▶ [What you are asked to do]:
Set down, word for word, each line from the top of the data through the line that has "Above: Colony of"; omit every picture.

━━ Data extract

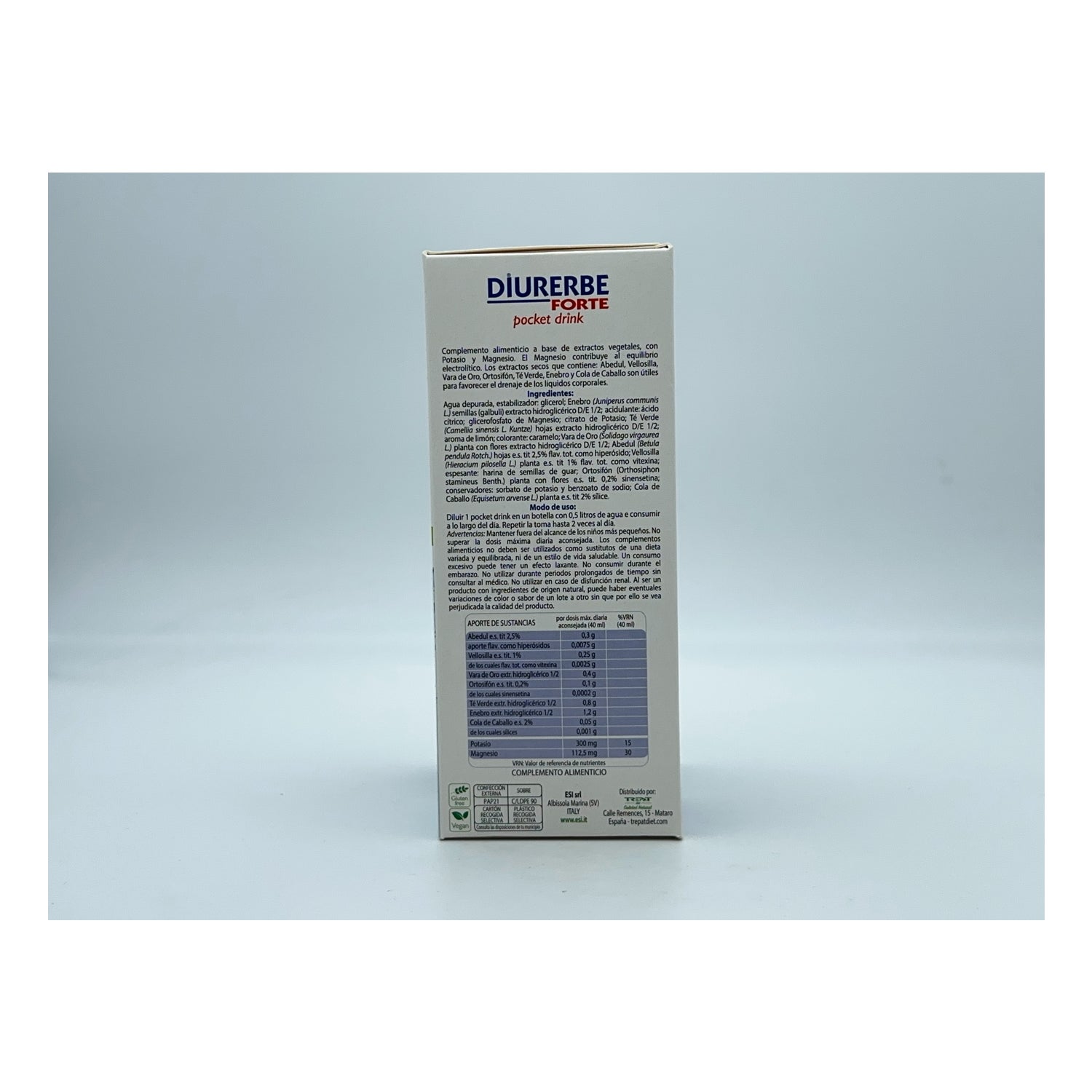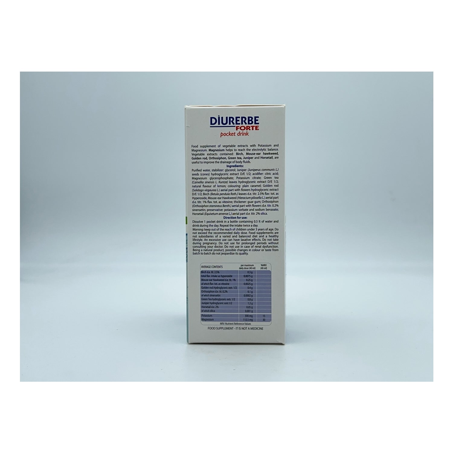 Diurerbe Forte Pocket Drink helps to expel excess fluid accumulated in the body, making you feel lighter and encouraged. Reduces edema of joints lower produced because of a wrong movement or diet, leaving you with a slight citrus flavor.
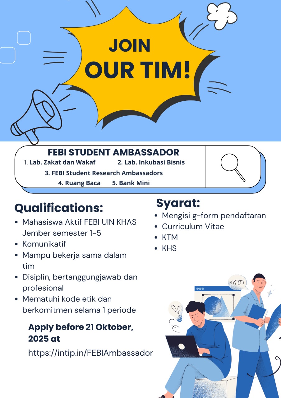 Laboraturium Fakultas Ekonomi dan Bisnis Islam membuka kesempatan bagi mahasiswa aktif FEBI UIN KHAS Jember semester 1–5 untuk menjadi bagian dari tim penggerak akademik, riset, dan inovasi kampus. Pendaftaran dibuka hingga 21 Oktober 2025. Klik link pendaftaran di bawah ini:
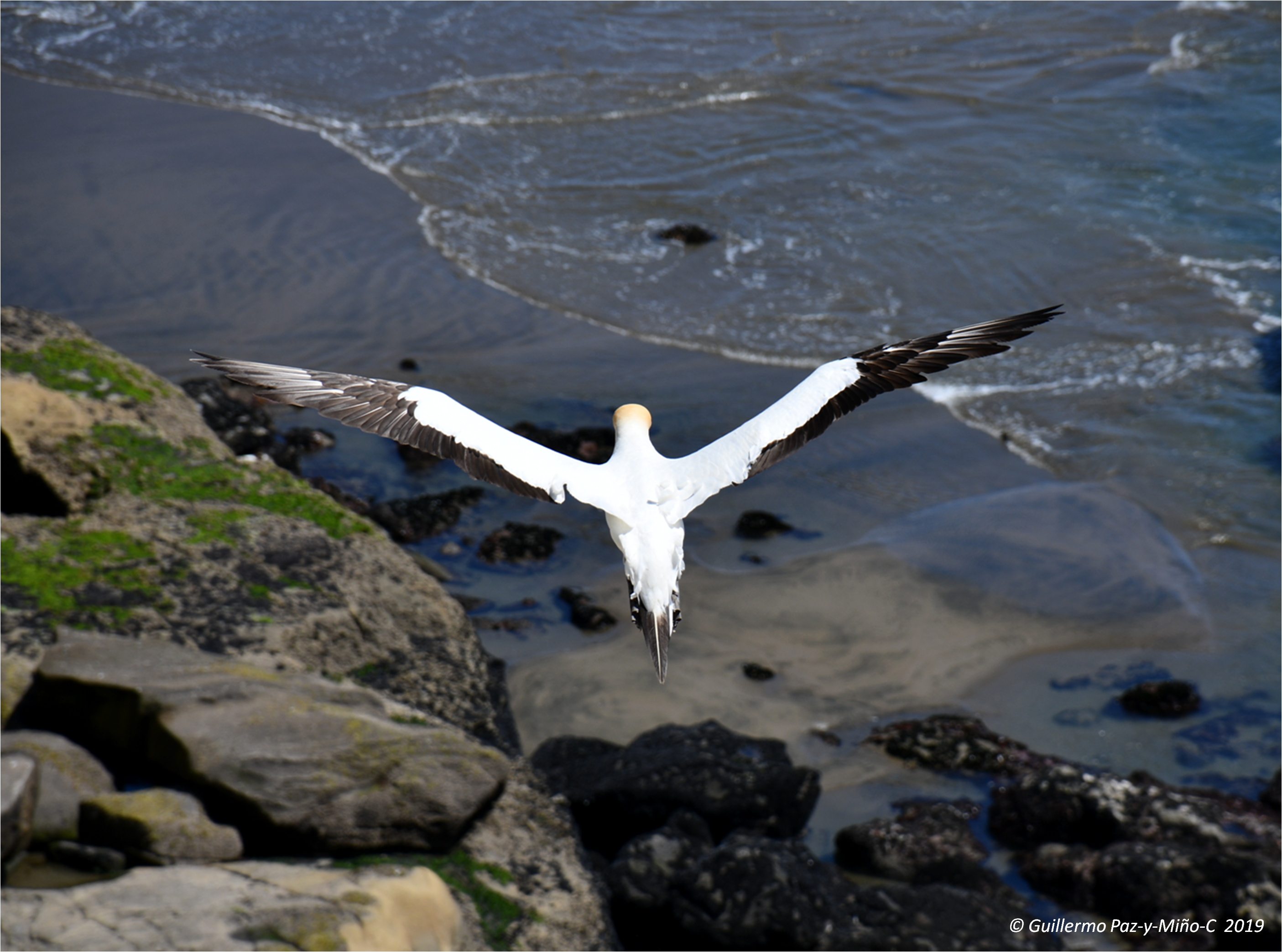 Above: Colony of Australasian gannets on top… one is taking off. Tasman Sea
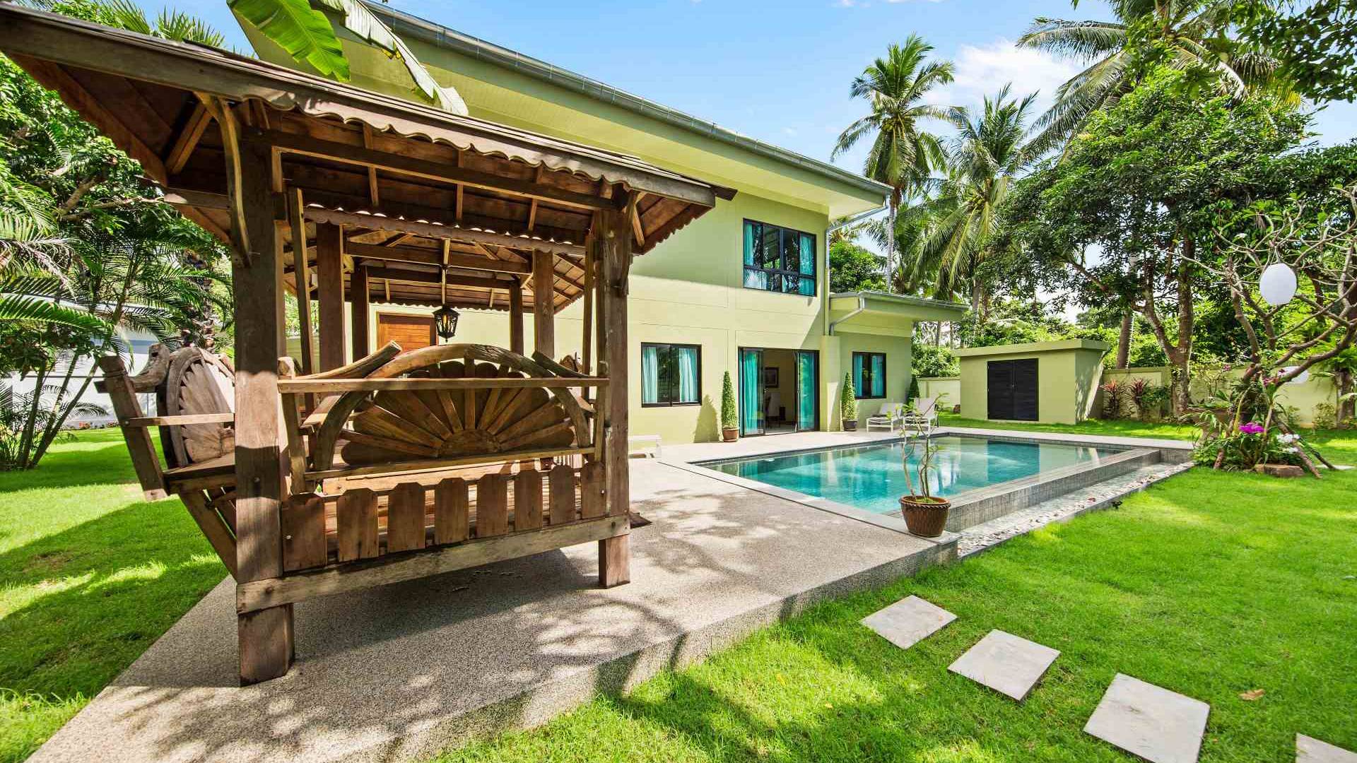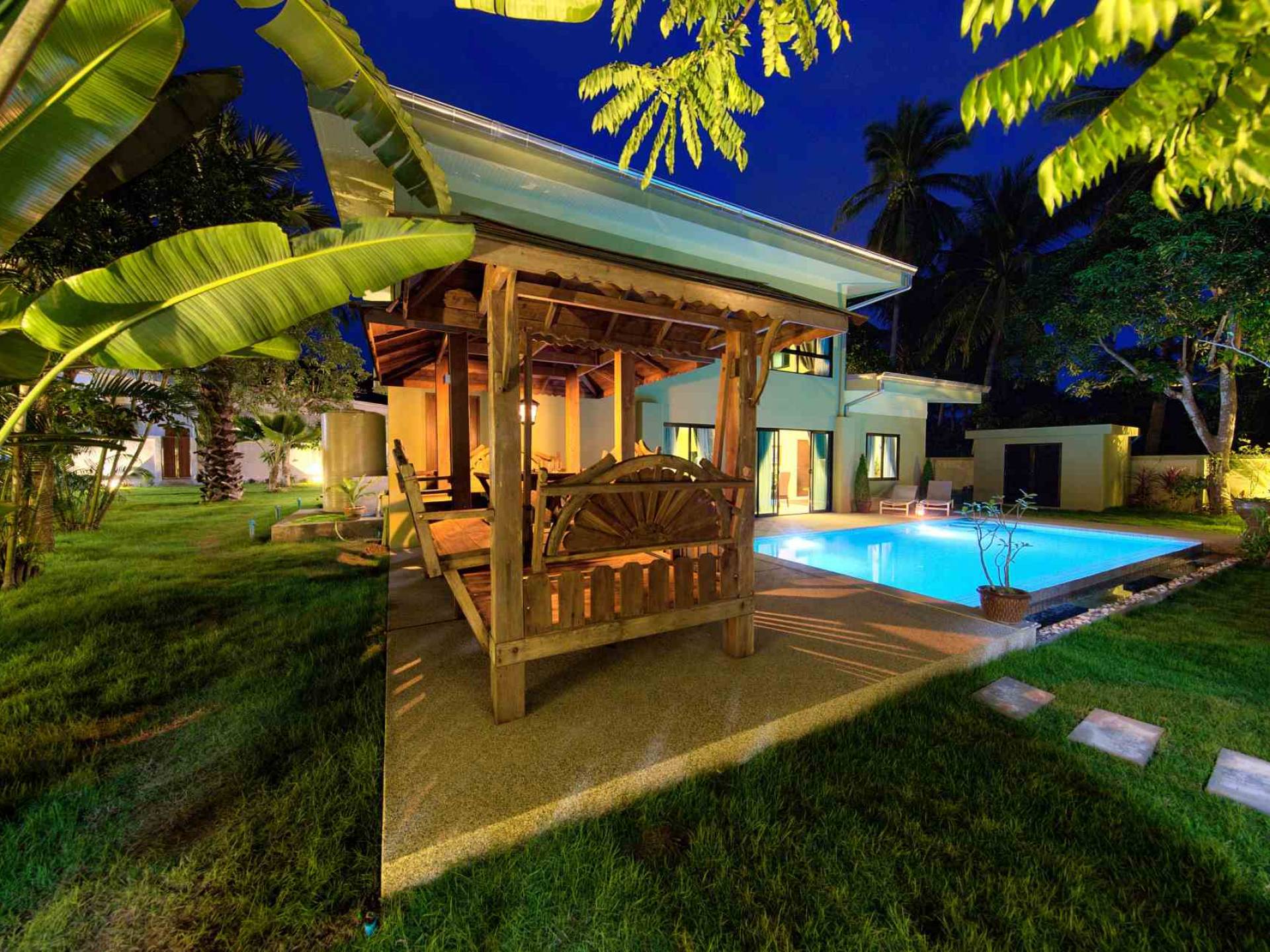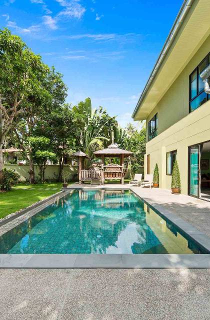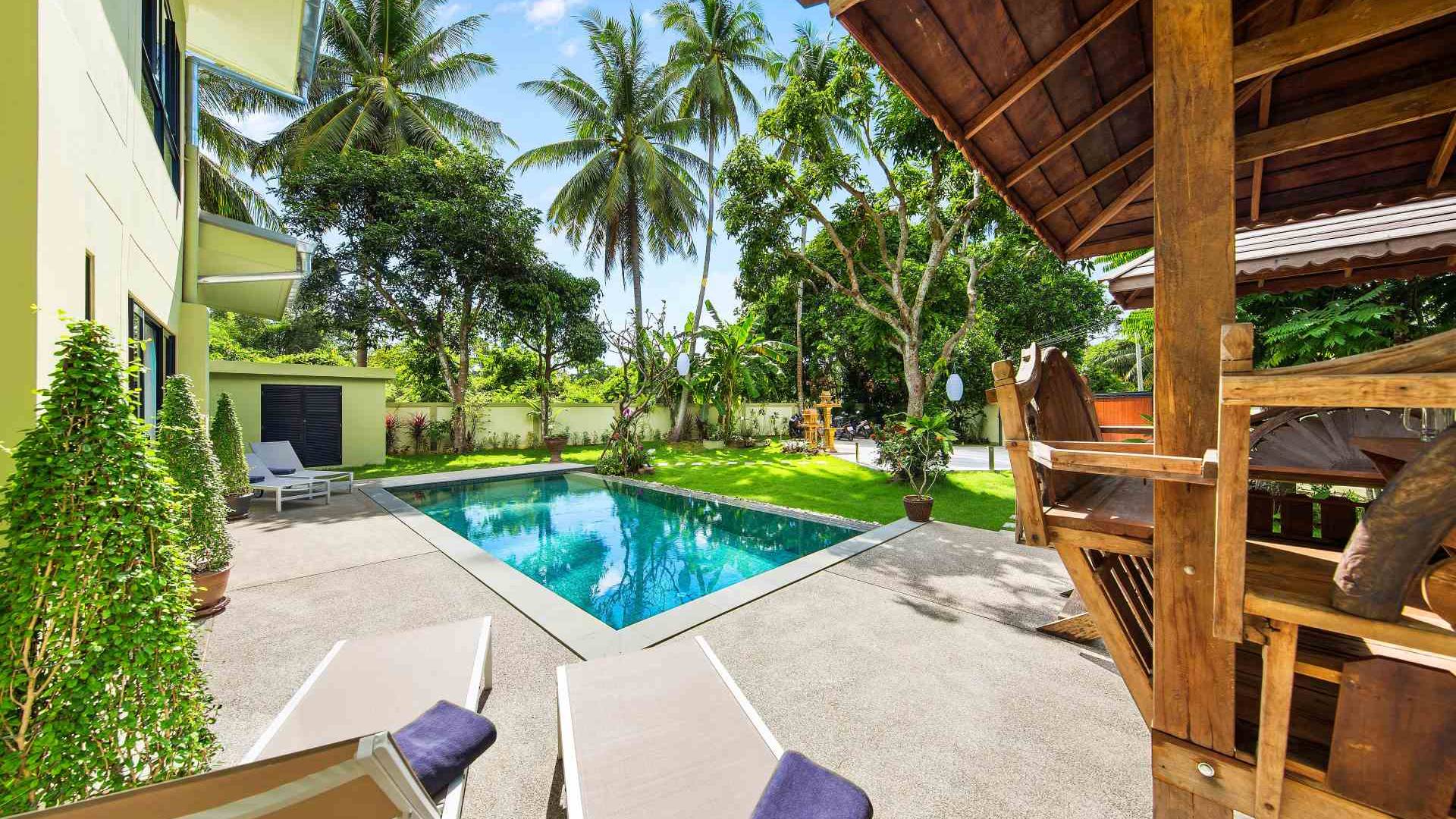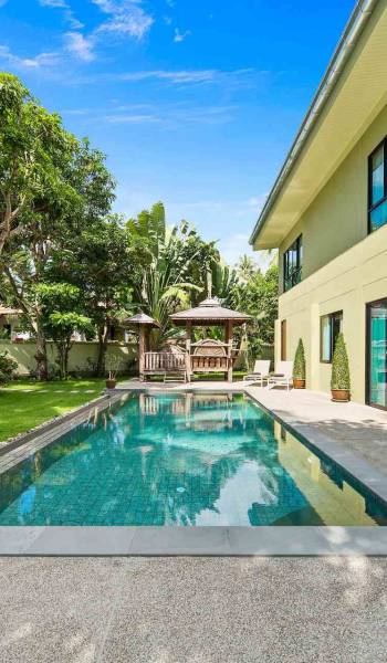La piscina di acqua salata è lunga oltre 8 metri e profonda da 1 metro a 1,8 metri. L'ampia terrazza a bordo piscina è l'ideale per prendere il sole. A bordo piscina, c'è una sala tradizionale in legno in stile tailandese (10 posti a sedere) che è l'ideale per un po' di ombra di benvenuto nel pomeriggio e anche come zona pranzo ideale per quando si fa uso del barbecue la sera È ideale anche per semplicemente una serata di relax a bordo piscina. Questa villa per le vacanze è un rifugio ideale per le famiglie in quanto è una zona molto tranquilla e ricca di natura, molto vicina a tre spiagge bellissime ma tranquille e al villaggio di pescatori sulla spiaggia di Thong Krut. Thong Krut ha alcuni ristoranti e bar internazionali, nonché i caffè tailandesi locali sulla spiaggia. La zona organizza regolarmente snorkeling ed escursioni orientate al mare, oltre ad avere un minimarket locale e una caffetteria biologica.

━━━━

▶ [Exercise result]:
 Diurerbe Forte Pocket Drink helps to expel excess fluid accumulated in the body, making you feel lighter and encouraged. Reduces edema of joints lower produced because of a wrong movement or diet, leaving you with a slight citrus flavor.
 Laboraturium Fakultas Ekonomi dan Bisnis Islam membuka kesempatan bagi mahasiswa aktif FEBI UIN KHAS Jember semester 1–5 untuk menjadi bagian dari tim penggerak akademik, riset, dan inovasi kampus. Pendaftaran dibuka hingga 21 Oktober 2025. Klik link pendaftaran di bawah ini:
 Above: Colony of Australasian gannets on top… one is taking off. Tasman Sea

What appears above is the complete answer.